Exercise brief: In the data below, repeat the line containing "MORELLIO D'après. L'adoration" and every following line exactly, up to and including the last line. Exclude pictures.

─── Recorded data ───

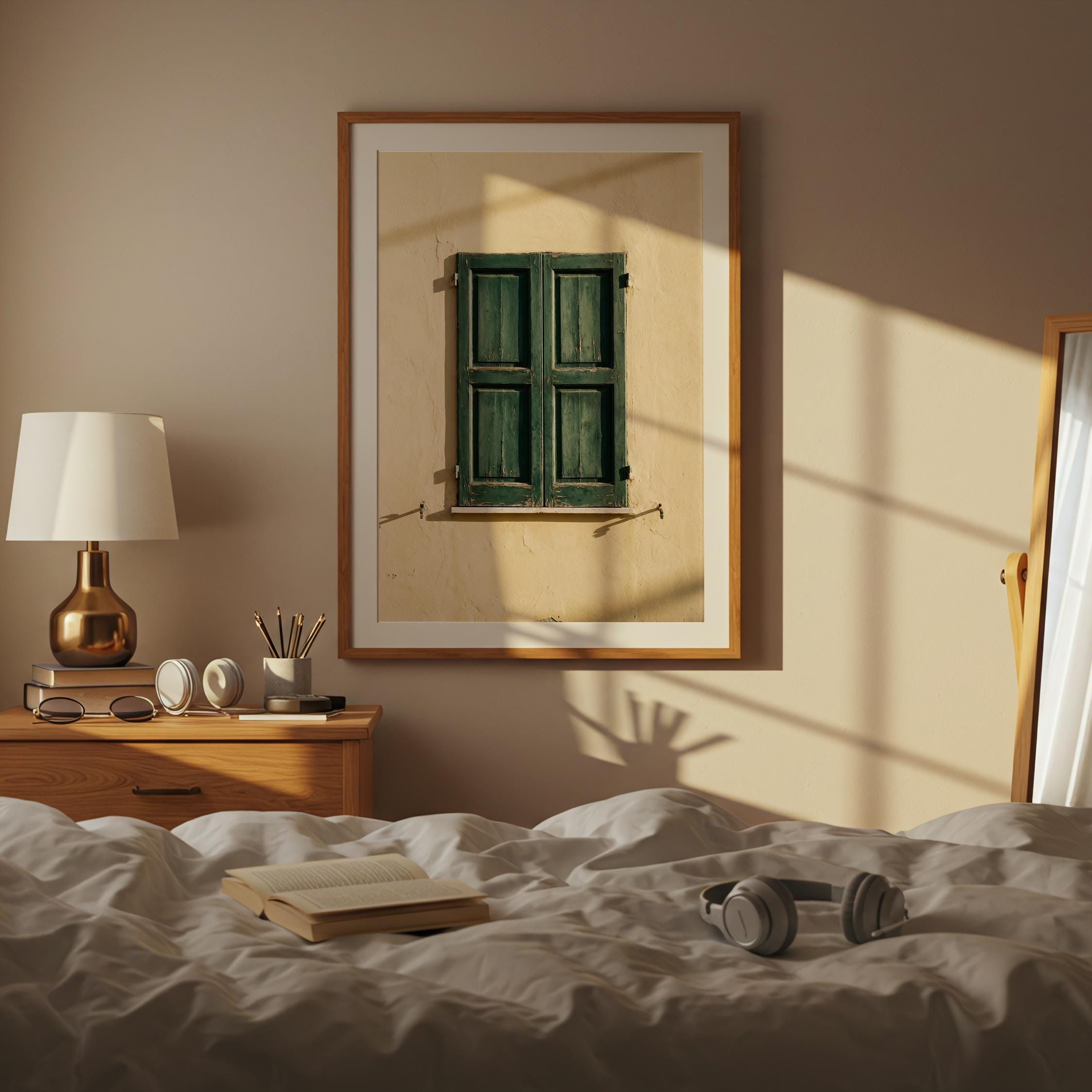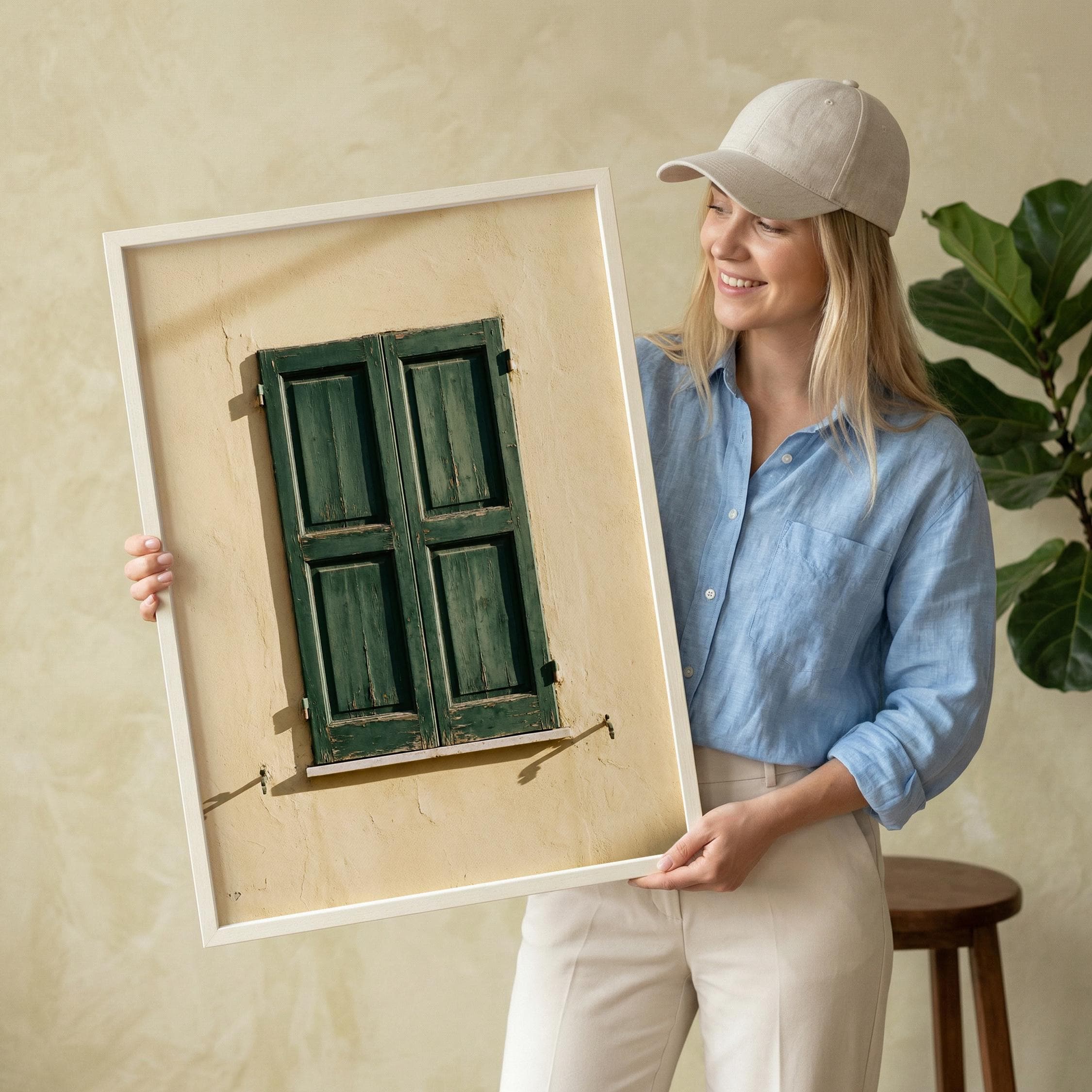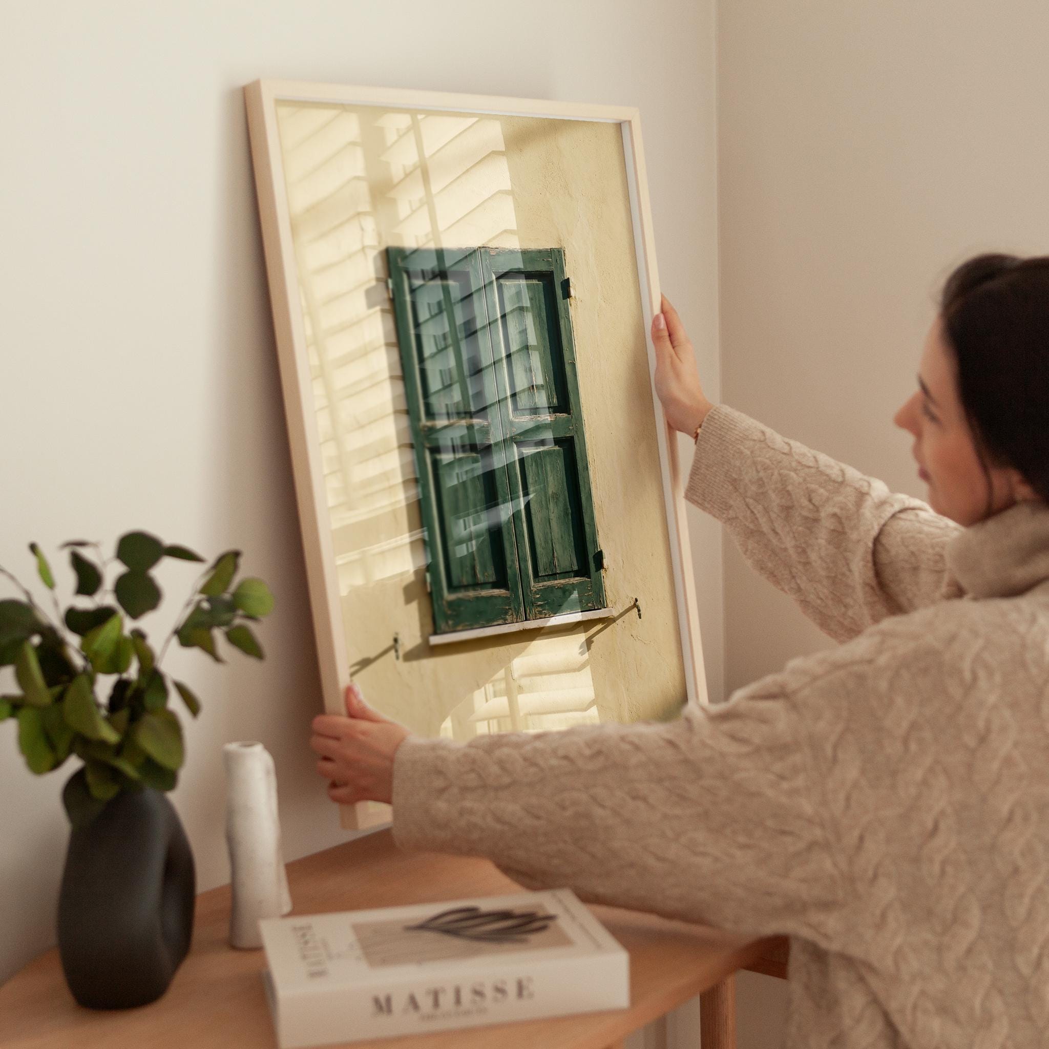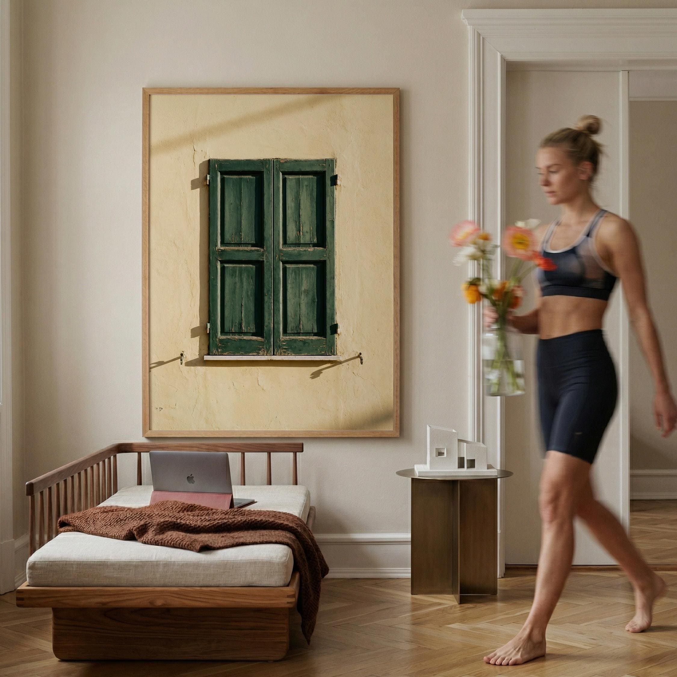 a stunning image of rustic Italian shutters, perfect for your living room and a great gift for housewarming gifts.
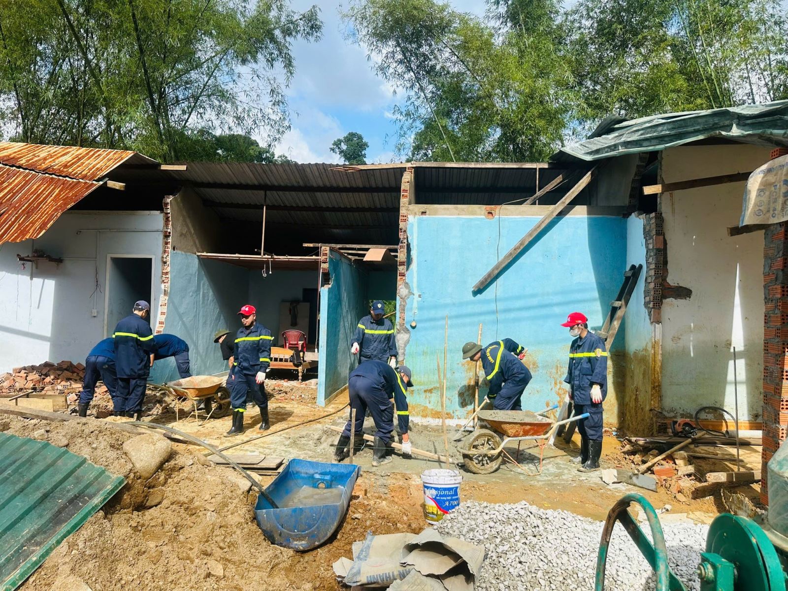 Các lực lượng thần tốc xây dựng lại, sửa chữa nhà ở cho các gia đình có nhà bị thiệt hại do thiên tai tại các tỉnh miền Trung.
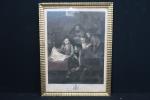 MORELLIO D'après. L'adoration des bergers. Gravure en noir. 50 x 36 cm. Encadré sous verre, rousseurs
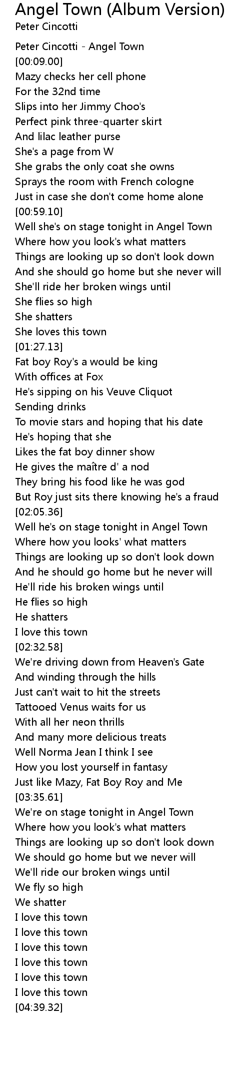 | [00:02.00] | Peter Cincotti Angel Town |

───

Answer to this exercise:
 MORELLIO D'après. L'adoration des bergers. Gravure en noir. 50 x 36 cm. Encadré sous verre, rousseurs
 | [00:02.00] | Peter Cincotti Angel Town |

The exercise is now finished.